Chapter 14/15: Nous n’avons fait qu’obéir aux ordres

“Bugün biliyorum ki itaate adanmış böylesi bir hayat, çok rahat bir hayattır. Her türlü entelektüel ve yaratıcı faaliyeti asgariye indirir.”

“Emre itaat benim için her şeyden önemliydi. Bu belki de Alman insanının hamurunda olan bir şey.”

Otto Adolf Eichmann, Küdüs — 1962

Savaş Mahkemesi

İkinci Dünya Savaşı sona erince Alman şehri Nürnberg'de ağır ceza yargılamaları yapıldı. Nasyonal Sosyalist Partinin 30'lu yıllarda en parlak başarılarını kazandığı bu şehir bilinçli olarak seçilmişti. Ayrıca meşhur ırkçı kanunlar 1935'te Nürnberg'de çıkarılmıştı. İkinci Dünya Savaşı'nda Nazi rejimine önderlik etmiş 22 ismin yargılanması, en fazla yankı uyandıran dava oldu. Duruşmalar 20 Kasım 1945'ten hükümlerin açıklandığı 1 Ekim 1946'ya kadar devam etti. Nürnberg Mahkemesi günümüzde milletlerarası ceza hukukunun doğum yeri olarak görülmekte.
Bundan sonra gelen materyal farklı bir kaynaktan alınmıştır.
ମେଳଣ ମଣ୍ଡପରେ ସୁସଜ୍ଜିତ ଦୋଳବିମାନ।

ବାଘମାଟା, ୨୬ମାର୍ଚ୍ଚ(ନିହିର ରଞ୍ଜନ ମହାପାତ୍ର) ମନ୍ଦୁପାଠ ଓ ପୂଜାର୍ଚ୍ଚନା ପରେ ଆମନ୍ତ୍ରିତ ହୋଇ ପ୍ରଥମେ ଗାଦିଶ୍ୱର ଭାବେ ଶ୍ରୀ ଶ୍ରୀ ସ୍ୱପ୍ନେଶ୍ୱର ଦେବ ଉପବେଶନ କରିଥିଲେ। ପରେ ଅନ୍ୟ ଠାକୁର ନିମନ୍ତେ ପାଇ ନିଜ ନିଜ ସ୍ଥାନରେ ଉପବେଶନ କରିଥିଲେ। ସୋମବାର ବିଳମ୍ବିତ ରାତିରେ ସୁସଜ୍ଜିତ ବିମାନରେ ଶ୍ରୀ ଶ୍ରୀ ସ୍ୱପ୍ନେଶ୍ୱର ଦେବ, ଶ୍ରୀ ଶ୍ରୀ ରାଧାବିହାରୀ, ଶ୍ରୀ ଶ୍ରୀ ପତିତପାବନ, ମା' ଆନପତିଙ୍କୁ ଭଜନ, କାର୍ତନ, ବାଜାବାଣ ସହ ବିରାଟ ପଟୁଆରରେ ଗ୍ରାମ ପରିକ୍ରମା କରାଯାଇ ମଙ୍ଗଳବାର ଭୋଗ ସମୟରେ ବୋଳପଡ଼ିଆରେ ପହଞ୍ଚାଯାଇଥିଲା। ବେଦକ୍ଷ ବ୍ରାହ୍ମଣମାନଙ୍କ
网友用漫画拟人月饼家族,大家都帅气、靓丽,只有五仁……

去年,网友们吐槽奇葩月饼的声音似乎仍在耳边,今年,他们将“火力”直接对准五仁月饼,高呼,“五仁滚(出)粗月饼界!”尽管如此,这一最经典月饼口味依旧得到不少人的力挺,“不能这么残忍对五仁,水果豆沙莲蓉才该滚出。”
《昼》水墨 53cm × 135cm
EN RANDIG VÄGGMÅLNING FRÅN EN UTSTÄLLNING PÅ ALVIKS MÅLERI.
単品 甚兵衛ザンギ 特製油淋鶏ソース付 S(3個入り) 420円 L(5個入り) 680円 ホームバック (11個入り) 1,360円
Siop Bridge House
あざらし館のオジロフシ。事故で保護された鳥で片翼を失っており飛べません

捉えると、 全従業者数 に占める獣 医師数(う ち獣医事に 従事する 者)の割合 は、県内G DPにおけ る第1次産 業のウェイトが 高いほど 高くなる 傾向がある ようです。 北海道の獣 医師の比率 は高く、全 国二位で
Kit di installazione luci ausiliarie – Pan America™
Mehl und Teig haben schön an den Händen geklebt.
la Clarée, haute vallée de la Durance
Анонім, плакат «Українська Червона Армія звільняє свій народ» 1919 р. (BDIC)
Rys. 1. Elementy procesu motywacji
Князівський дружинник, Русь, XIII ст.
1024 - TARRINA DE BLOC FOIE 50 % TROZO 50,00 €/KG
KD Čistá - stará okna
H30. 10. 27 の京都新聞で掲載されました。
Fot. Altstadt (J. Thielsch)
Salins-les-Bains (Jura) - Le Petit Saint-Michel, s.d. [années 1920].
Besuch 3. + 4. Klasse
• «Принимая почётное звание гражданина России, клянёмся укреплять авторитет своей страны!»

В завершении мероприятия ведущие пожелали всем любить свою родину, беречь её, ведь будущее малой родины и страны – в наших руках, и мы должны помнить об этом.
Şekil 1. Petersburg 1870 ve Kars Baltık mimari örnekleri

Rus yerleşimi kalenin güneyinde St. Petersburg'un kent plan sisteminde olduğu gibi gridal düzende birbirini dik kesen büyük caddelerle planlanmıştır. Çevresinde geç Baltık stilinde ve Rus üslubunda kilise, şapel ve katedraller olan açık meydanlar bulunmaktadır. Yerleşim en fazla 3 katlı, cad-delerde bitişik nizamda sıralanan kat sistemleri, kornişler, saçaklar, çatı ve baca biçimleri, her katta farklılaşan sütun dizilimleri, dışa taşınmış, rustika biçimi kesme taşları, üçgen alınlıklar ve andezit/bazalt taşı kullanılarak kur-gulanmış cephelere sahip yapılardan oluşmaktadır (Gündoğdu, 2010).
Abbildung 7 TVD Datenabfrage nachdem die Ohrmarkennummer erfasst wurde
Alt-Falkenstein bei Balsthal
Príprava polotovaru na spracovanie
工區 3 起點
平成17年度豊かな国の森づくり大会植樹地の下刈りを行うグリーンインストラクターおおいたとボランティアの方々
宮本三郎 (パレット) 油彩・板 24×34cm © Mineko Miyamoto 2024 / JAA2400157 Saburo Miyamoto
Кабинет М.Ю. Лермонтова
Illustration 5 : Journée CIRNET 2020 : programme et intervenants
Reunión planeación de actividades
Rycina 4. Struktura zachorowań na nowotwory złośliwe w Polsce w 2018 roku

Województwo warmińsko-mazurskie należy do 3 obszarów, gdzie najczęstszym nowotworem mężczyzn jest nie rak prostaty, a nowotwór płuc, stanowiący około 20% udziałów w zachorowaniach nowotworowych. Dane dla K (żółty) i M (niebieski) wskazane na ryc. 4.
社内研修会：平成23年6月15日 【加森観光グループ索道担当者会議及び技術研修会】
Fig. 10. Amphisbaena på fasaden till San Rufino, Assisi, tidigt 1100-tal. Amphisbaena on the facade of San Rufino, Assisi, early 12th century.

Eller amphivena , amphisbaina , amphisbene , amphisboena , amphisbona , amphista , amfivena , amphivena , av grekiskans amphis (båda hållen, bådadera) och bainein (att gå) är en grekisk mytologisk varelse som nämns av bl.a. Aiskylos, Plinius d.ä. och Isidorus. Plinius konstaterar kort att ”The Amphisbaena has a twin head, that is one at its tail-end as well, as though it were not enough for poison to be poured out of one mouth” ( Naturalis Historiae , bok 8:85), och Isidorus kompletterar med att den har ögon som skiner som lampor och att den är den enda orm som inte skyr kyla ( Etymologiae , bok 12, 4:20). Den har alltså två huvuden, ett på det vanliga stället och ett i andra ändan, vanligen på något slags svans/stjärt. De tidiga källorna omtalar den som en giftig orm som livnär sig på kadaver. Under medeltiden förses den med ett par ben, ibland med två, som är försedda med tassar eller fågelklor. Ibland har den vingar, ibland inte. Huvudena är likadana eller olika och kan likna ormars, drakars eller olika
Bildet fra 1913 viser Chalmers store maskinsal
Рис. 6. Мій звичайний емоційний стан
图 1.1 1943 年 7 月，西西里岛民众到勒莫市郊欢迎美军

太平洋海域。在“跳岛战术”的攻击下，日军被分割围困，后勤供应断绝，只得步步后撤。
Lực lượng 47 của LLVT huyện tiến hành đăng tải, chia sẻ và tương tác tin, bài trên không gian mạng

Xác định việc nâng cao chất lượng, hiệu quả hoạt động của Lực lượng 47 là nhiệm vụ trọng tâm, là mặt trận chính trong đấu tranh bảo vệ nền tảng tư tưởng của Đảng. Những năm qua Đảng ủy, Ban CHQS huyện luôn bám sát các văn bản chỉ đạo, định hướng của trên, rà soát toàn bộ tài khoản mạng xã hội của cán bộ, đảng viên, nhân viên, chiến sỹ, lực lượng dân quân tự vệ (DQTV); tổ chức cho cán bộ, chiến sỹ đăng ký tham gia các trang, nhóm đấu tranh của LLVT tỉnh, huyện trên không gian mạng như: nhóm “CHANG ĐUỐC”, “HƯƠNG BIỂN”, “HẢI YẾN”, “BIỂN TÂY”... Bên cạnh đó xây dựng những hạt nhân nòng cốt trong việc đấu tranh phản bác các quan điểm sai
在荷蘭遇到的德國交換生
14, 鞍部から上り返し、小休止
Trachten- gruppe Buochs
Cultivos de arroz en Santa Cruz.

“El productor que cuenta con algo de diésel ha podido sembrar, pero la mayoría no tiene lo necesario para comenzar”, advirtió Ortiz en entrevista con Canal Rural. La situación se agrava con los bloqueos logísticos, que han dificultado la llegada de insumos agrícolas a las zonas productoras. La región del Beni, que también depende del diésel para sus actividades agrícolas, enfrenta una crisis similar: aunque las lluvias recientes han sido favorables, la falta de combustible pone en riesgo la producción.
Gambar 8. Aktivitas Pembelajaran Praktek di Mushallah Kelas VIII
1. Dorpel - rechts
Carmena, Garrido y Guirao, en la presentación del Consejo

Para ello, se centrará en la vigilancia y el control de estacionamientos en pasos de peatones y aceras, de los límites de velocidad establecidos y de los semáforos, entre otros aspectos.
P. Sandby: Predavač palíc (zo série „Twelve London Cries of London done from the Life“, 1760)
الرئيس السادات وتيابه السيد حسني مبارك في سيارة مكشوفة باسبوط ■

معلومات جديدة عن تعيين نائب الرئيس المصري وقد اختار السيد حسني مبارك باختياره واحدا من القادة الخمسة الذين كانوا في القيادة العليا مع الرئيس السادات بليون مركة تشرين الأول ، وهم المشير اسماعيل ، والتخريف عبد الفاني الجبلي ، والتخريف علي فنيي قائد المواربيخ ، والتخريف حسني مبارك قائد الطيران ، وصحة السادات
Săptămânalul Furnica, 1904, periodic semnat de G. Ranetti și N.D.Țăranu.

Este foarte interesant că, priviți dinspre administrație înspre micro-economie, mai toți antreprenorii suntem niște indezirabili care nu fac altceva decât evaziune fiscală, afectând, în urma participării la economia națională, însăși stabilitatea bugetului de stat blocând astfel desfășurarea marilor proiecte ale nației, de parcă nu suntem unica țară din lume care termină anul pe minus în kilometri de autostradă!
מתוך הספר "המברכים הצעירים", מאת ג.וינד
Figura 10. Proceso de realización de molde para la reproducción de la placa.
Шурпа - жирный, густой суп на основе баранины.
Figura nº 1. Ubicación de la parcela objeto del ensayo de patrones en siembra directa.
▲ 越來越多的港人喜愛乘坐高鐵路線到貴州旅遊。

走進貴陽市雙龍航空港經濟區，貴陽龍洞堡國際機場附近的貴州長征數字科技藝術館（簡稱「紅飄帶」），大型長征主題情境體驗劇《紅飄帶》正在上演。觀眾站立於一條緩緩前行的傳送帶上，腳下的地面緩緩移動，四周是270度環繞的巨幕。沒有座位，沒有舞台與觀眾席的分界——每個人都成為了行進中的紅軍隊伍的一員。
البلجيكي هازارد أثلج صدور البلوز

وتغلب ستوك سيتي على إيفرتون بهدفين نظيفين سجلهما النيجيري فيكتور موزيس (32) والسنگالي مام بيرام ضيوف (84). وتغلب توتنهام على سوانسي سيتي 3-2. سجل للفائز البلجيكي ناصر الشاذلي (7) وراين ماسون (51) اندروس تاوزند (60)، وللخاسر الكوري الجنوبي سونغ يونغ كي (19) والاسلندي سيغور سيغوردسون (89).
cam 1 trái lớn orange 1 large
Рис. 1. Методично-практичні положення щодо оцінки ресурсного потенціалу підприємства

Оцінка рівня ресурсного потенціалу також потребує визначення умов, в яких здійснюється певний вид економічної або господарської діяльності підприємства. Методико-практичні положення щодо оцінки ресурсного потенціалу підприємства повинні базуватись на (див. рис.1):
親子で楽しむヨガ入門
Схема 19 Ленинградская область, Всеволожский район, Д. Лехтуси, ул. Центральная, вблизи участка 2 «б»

Eichmann 1961'de Kudüs'te hakim karşısına çıktı. Sadece kendisine verilen emirleri yerine getirdiği iddiası, savunmasının temelini oluşturdu. Emirleri sorgulamadan yerine getirdiğini söylüyordu. Bundan ilham alan filozof Hanna Arendt, meşhur kötülüğün sıradanlığı konseptini geliştirecekti. Buna göre kötülük bir canavarın içinde değil; önemsiz, silik bir görevlinin içinde ete kemiğe bürüyordu. Canavarlaşan insanın "senin benim gibi normal biri" olduğu fikrine tahammül edemeyen pek çokları Arendt'e itiraz edecekti.

Sanık sandalyesindeki Nazi savaş suçluları, Nürnberg, Almanya, 1945

İnsanlığa Karşı İşlenen Suçlar

"İnsanlığa karşı işlenen suçlar" kavramı İkinci Dünya Savaşı'ndan bu yana milletlerarası siyasette çok önemli bir rol oynadı. Askeri müdahalelere ve barış güçlerine gerekçe teşkil etti, belli devlet başkanlarına karşı açılan davalarda argüman olarak kullanıldı, Uluslararası Mahkeme gibi yeni kurumlar kurulmasını sağladı ve çok sayıda STÖ'nün varlık sebebi oldu. Bu kavram çoğu zaman insan hakları kavramıyla ilişkilendirilmekte. Halbuki iki kavramın da kendine has birer tarihçesi var. İnsan hakları söyleminin köklerini bulmak için Aydınlanma Çağı ile Amerikan ve Fransız İhtilallerine kadar gerilere gitmek gerekiyor. "İnsanlığa karşı işlenen suçlar" kavramının tarihiyse çok daha yeni. Nazilerin suçlarını tanımlamak ve bunları hukuki bir çerçeveye oturtmak için terim bu şekliyle ilk defa Nürnberg Milletlerarası Askeri Mahkemesinde (1945-49) kullanıldı.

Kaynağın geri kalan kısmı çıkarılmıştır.